Using a simple text editor, they are also more readable than XML.
Lua with custom environment tables (so you can use 'globals' and just do key = value in the file and not expose any functions to the config file) would be readable too.
I'd say it would require more code (and there's overhead) to do something like this when using Lua tables.
I meant Lua as just data representation on disk and for editing. Stuff can still be loaded into dedicated C or C++ structs/classes/whatever at runtime, even a database. And the example is quite contrived and rare and I'd say and probably runs fine enough with pure C++. It might be premature optimization. I recently was afraid parsing each line of the original dracula book (I added it as a benchmark/large body of text) in my notes keeping app (another shameless plug - it's called 'botes', I have a github repo too
) would be slow but it works totally fine.
I'm not saying you did something wrong but everytime I get this idea myself, it sounds good on paper (a REAL database that can handle dozens of thousands of elements, cool editor with a GUI and all*, structure data, typesafety and names, constraints in SQL, etc.), but not in practice (I always just go with Lua tables and have few hundred entries in them at best, they are more convenient to edit by hand quickly in notepad++). Same for stuff like Tokyo or Kyoto cabinet, a high performance key value binary databases, good idea on paper and all for file store, but a zip used via physfs beats that in usability and is fast enough too.
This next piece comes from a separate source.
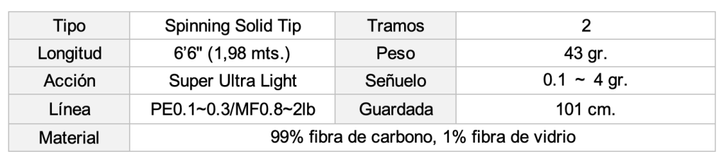 La sección de la puntera está equipada con una puntera sólida corta, de elasticidad media, con un diámetro de 0,6 mm que combina sensibilidad a la tensión y a la resonancia, a la vez que optimiza la flexibilidad. Esto evita automáticamente que el aparejo se mueva demasiado. Si bien es más larga que la Twiggy original, está configurada para facilitar una acción sutil sin dificultar la pesca.
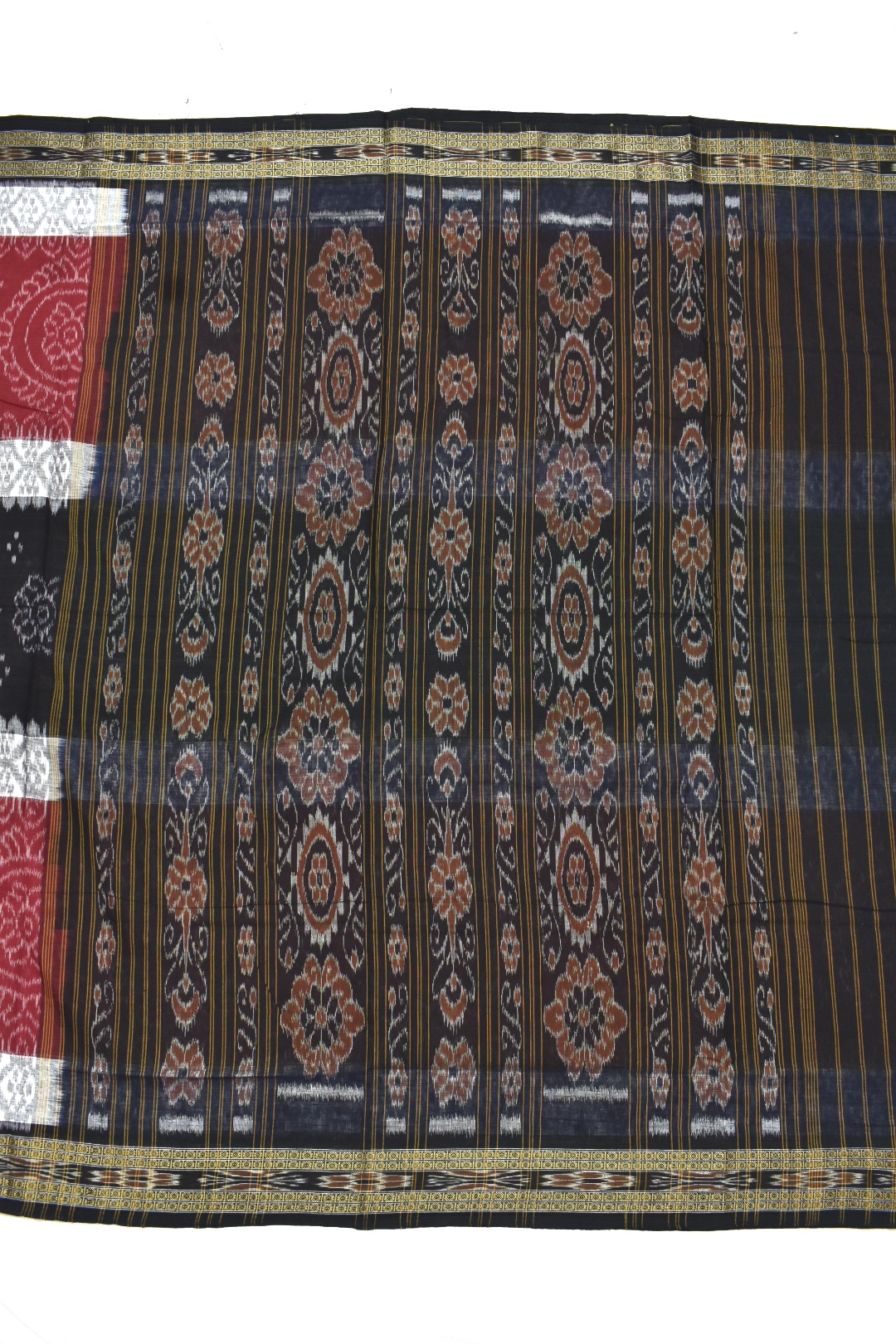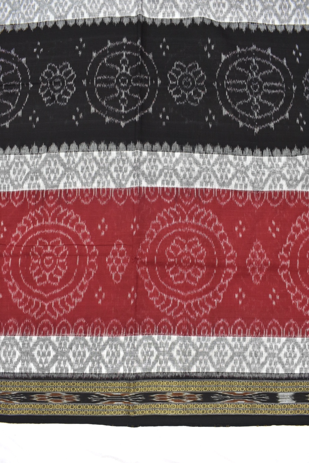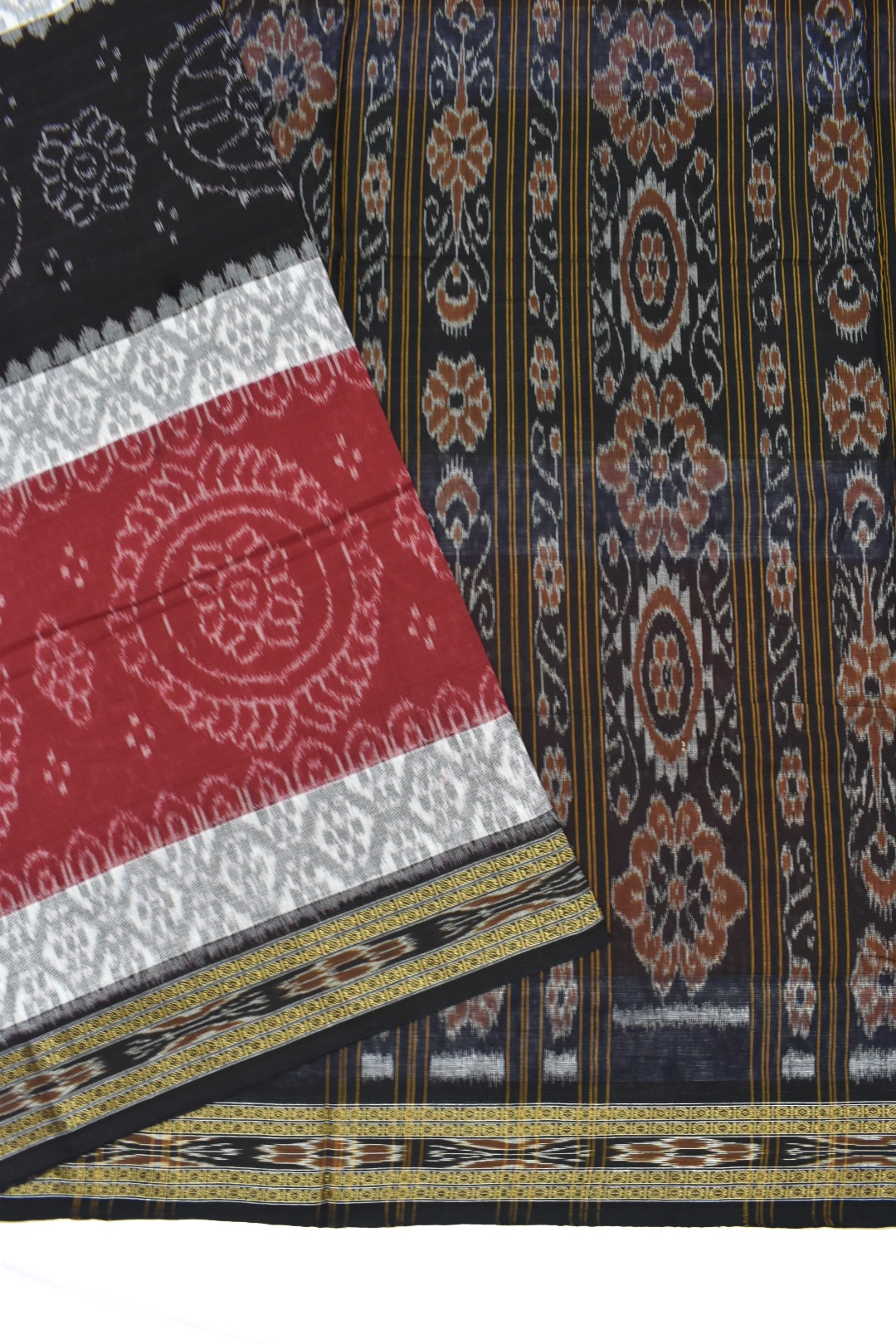 Maroon-Black Sambalpuri Handloom Maniabandha Cotton Saree

I'm actually amazed that you use all three, I understand XML is just to parse tmx files probably since most people hate how verbose XML is but still. It's probably bad I think that but a game that uses XML, Lua and sqlite3 instantly feels like a more serious piece of software to me. I like how complete, packed with content and not like a tech demo your game feels, even though I enjoy metroidvania style platformers and design more than this style of platforming. I myself rarely move my projects past the proof of concept stage. I've never released anything I used Lua or my console in I don't think.
Oh, I've never updated the Lua version since I first got it. I guess it's time to do so, thank you
You could also downgrade to 5.1 or 5.2. I myself like 5.1 and even dissected it's code and wrote a paper on it because LuaJIT is compatible with it, it was the biggest jump (5.0 sucked, it had a stop the world GC) and I don't really like the features of 5.2 or 5.3 enough to switch, even though I started in 5.2, I moved to 5.1 for JIT if I ever need it and then read through entire codebase and just stayed there. But I wanted to make my console compatible with 5.1, 5.2, 5.3 and JIT so it should work with all four so you should have no problems.
If you're changing/upgrading you might also look into
http://pugixml.org/ , it's the xml parser I use, it's really nice, DOM style parser with very STL like API. I'm not sure if it's better or worse than tinyxml but it took me a long time to find and it's so good I wish I found it sooner.
That's great, I need one anyway for "cheating" (inserting gold and items into the player's inventory, checking and changing quest states etc.) These functions are already in the API but I got no ingame console - yet. So I'll check it out
Yes, it should be easy to integrate, just drop the sources in your own code and do some init and then update/input/draw as in the example given, feel free to ask (via a PM is best, I might miss the thread post on here, I'm here less and less often lately
) if you have problems or questions. I made it primarily for myself, same as my 'botes' notes app, but I try to spread the word and get other people to use them too.